About this task | Of the entries below, restate word for word only the section that runs from the line with "- Tuttle, D.M.;" to the line with "10月25日,汽车学院团总支", counting both ends.

Supplied data |
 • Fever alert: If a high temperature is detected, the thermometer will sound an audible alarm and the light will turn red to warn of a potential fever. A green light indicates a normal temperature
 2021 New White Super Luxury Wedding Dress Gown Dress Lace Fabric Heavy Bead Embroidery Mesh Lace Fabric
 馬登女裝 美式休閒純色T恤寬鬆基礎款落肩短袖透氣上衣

--

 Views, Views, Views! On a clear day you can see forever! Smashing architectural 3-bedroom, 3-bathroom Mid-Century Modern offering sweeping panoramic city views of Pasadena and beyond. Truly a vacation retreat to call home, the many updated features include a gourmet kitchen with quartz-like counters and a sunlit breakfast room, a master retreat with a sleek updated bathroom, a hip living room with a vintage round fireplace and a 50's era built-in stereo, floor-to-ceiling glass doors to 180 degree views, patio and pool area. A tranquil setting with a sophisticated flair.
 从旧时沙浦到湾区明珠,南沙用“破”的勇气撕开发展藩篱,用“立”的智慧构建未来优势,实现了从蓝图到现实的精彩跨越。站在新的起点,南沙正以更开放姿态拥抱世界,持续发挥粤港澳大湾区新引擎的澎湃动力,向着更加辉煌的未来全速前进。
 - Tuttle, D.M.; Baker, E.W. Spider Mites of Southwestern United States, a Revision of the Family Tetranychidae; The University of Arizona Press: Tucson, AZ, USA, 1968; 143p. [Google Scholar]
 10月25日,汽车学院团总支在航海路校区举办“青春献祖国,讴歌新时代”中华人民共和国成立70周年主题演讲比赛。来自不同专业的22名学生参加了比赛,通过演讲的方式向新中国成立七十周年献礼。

Written answer |
 - Tuttle, D.M.; Baker, E.W. Spider Mites of Southwestern United States, a Revision of the Family Tetranychidae; The University of Arizona Press: Tucson, AZ, USA, 1968; 143p. [Google Scholar]
 10月25日,汽车学院团总支在航海路校区举办“青春献祖国,讴歌新时代”中华人民共和国成立70周年主题演讲比赛。来自不同专业的22名学生参加了比赛,通过演讲的方式向新中国成立七十周年献礼。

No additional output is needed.